If downstream calls sometimes spike, keep a generous multiplier. Use 2x–6x your 99th percentile duration, based on idempotency.
Watch ApproximateAgeOfOldestMessage and adjust if you see reprocessing or odd inflight churn.

Partial batch responses

This is a must. When one record fails, only return the failed ones. The rest move forward, keeping the line moving.
Combine with a Dead-Letter Queue so poison messages don’t clog retries.
Build idempotency into handlers to safely retry only failed items.

Other knobs worth checking

Memory size and CPU: CPU scales with memory in Lambda. If CPU-bound, bump memory to cut duration and boost per-poller throughput.
Cold starts: Provisioned Concurrency helps if init time dominates. Provisioned pollers don’t replace it; they complement it.
Timeouts: Keep Lambda timeouts below SQS visibility timeout, with room for retries.

When to use

Latency-sensitive, bursty workloads (market data, matchmaking, personalization, fraud checks)

Where provisioned pollers shine

Finance and market data

Price updates, order routing, and position checks hit in bursts at open/close. Provisioned pollers reduce jitter, so checks feel instant even during spikes.

Gaming and matchmaking

Player joins and leaves create spiky demand. You want matching to start right away. Provisioned pollers keep response times flat during surges.

Ecommerce and personalization

Flash sales and drops crush queues in minutes. Faster scale-up keeps recs, cart checks, and promos from lagging during surges.

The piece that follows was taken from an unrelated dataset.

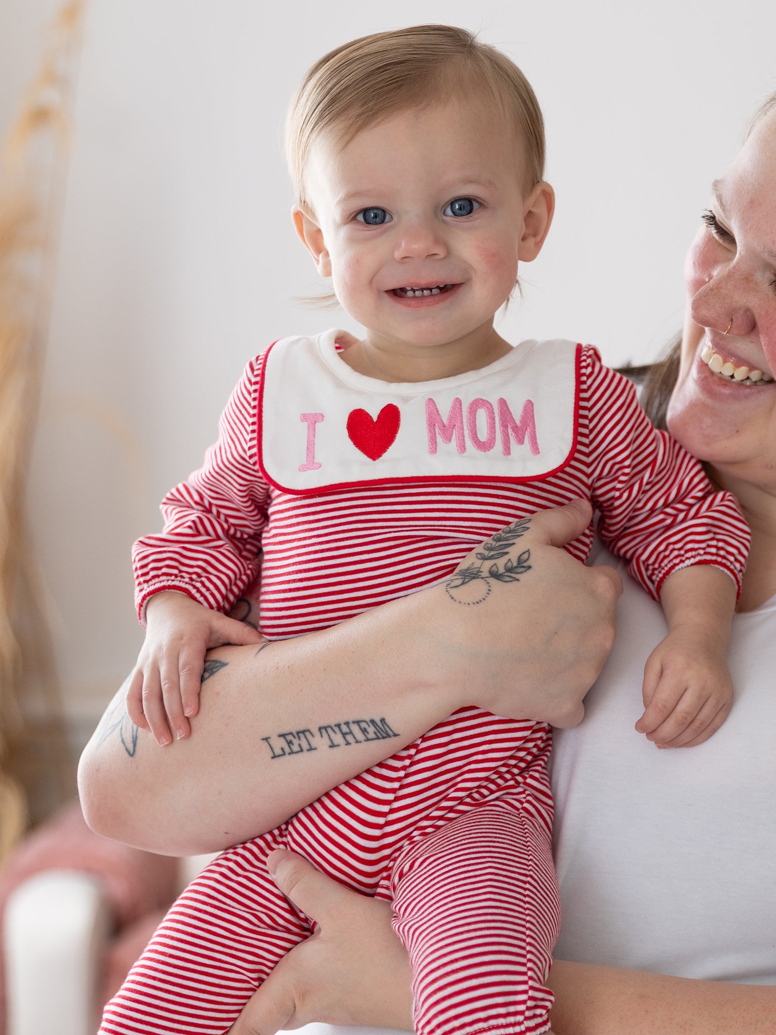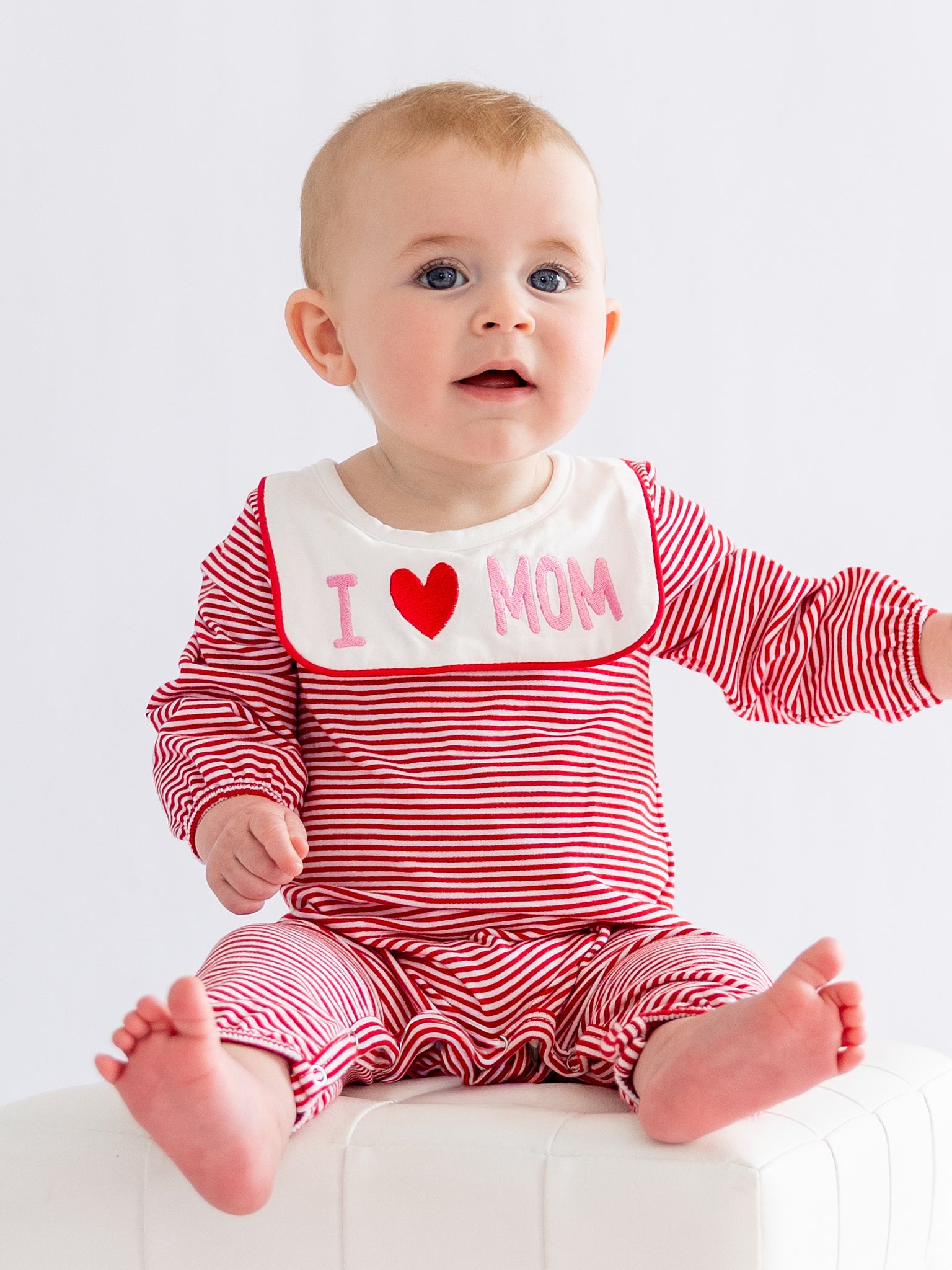Little Love for Mom Embroidered Romper by Marie Nicole Clothing features a charming embroidered message, perfect for little ones to show how much they adore their mom. This sweet and cozy romper is ideal for celebrating special moments with mom, whether it's Mother's Day or just a day filled with family love.

Fraud detection and risk scoring

Low latency matters or people bounce. Keep windows tight, use more pollers, and feed scoring logic without delay.

IoT and observability

Device bursts and telemetry spikes need steady drain rates. Provisioned pollers smooth the ramp so you stay near real time.

Rollout checklist

Benchmark p95 time and choose a target
Set min/max pollers
Configure batch size/window and visibility timeout
Enable partial batch responses and DLQ
Load test and monitor concurrency, queue depth, DLQ inflow, p95/p99

How to run the playbook

1 Baseline your current setup

Measure p50/p95/p99, function duration, errors, and SQS ApproximateAgeOfOldestMessage. Note latency during a 5–10x synthetic burst.

2 Pick targets

Choose a realistic p95 target, like 150–250 ms end-to-end. Decide your max burst and acceptable drain time. Example: clear 1M messages in 10 minutes.

3 Set min max pollers

Start with min pollers to cover steady state plus 20–30% headroom. Set max pollers for your burst goal without hitting account limits.

4 Tune batch size window

If latency is king, keep window at 0–1s and use modest batches. If cost is king, widen the window and let bigger batches win.

5 Configure safety rails

Visibility timeout: 2–6x worst-case. DLQ attached. Partial batch responses on. Idempotency keys in payloads or storage.

6 Load test iterate

Drive real traffic patterns: message size, fan-out, payload mix. Watch ConcurrentExecutions, ApproximateNumberOfMessagesVisible, OldestMessageAge, Errors, and DLQ inflow. Adjust pollers in small steps.

Docs

For real-world wins in streaming and adtech, check our Case Studies.

Cost and quota guardrails

Lambda account concurrency: Make sure your Regional limit covers max pollers * 10. If not, request an increase before launch.
Scaling rate: Even with faster ramp, you’re bound by regional quotas and rules. Keep expectations realistic in runbooks and alarms.
DLQ volume: Faster pipelines move failures faster too. During bad deploys, DLQ may spike—alert on DLQ inflow and size.
Storage and downstream capacity: Faster delivery shifts load downstream. Check that databases, caches, and APIs can take the extra heat.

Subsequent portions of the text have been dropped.